The Grampians Health amalgamation that has occurred, which my colleague Emma Kealy has spoken out on a number of times, is a failure; it is actually a failure. It is one of the worst performing health services in the state. They had people that were delivering a service to their local area in Horsham working in the laundry and linen department. There will be 20 jobs lost there – 20 jobs lost in Horsham as a result of the amalgamation of these services. Disgracefully, these people were travelling 2000 kilometres a week to do their job in Ballarat because the service had been closed down in Horsham, and this heartless, cruel government on Valentine’s Day told them their jobs were gone. So they have got no jobs – gone. These people depend on their jobs in these areas, and this is what we have been concerned about – the loss of jobs that will have an impact on the amenity of towns and regional centres and their ability to be a sustainable entity.
We have seen it, Ms Bath, with the shutdown in Gippsland of the forestry industry and the impact on those local jobs – the diminishment. This is something that Labor just do not understand. They actually do not care about regional Victoria – it is so obvious, but it is so heartbreaking.
As somebody who grew up in regional Victoria, 4½ hours from Melbourne, I understand the importance of primary health care. I understand the importance of having access to services that can assist you in a time of need. No-one in country Victoria expects large hospitals to be operating and that therefore they will be treated immediately. They understand they have to travel to Melbourne to get proper treatment and services and care and management in some instances, and that is why we do have world-class health services like Peter MacCallum and our trauma centres at the Alfred and the like. Everybody understands that, but they know you cannot get basic services like maternity services and you cannot get support to travel to get your dialysis – life-saving treatments, because if you do not have dialysis you die – and this cruel government has cut the funding for these support services. This is what I am talking about when I am talking about the delivery of care. It is not just a hospital and what is going on, it is actually what happens inside the hospital, like the dialysis treatment or like maternity services.
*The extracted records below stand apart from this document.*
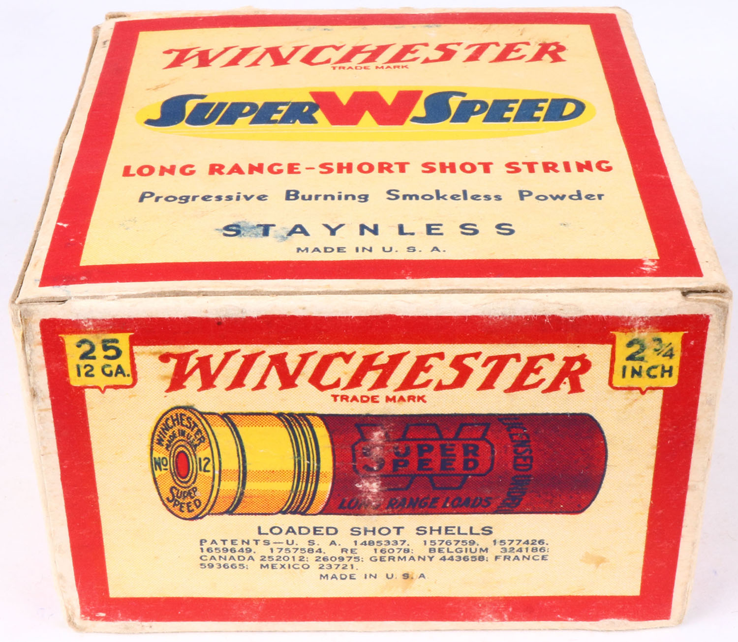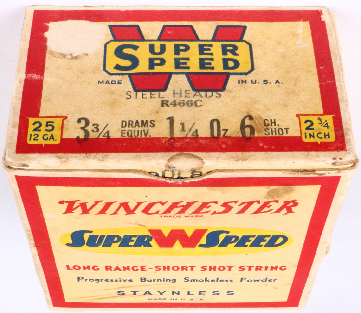 Winchester, Super W Speed, 12ga., STEEL HEADS, Staynless, 2 3/4 in., 1pc., FULL, shot size 6CH, cream red, blue and yellow box, box is solid with very good colors, shows some age soiling shells are very good. Grade: Excellent - Value: 20 to 40
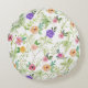 Esta almohada redondeada de estilo Shabby Chic Floral tiene flores rosas, flores amarillas, flores púrpuras y flores rojas en un campo de hojas verdes.
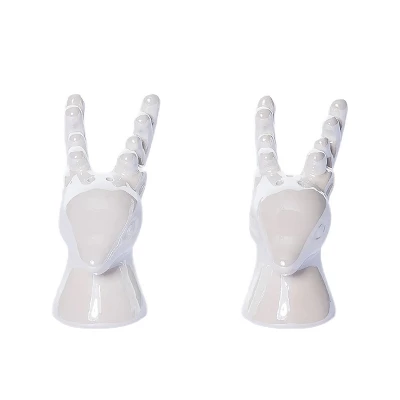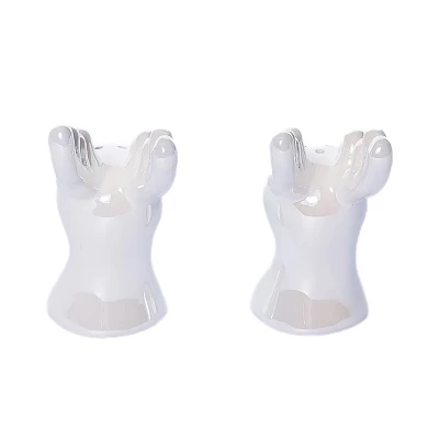 - Elegant 6inch white dolomite reindeer salt and pepper shaker set, perfect for Christmas tabletop decor, dishwasher safe and food safe for easy care.

I have asked the minister around VPTAS, the Victorian patient transport assistance scheme. In April last year she promised me it was back on track and that people were getting their payments done when they needed to have that support if they were travelling from regional Victoria to metropolitan Melbourne for treatment. For cancer treatments they have to stay overnight. It is a huge cost that they have got to find, and that program is there to support regional Victorians that do not have the luxury that metropolitan residents have, who can access health services far more easily. That has not been fixed. I was told by one of my colleagues today that their constituents are still waiting up to 20 weeks for payments. Nothing has been fixed. This government promises the world and delivers very little. Their words mean nothing; their words are actually cheap, because – (Time expired)
Business interrupted pursuant to sessional orders.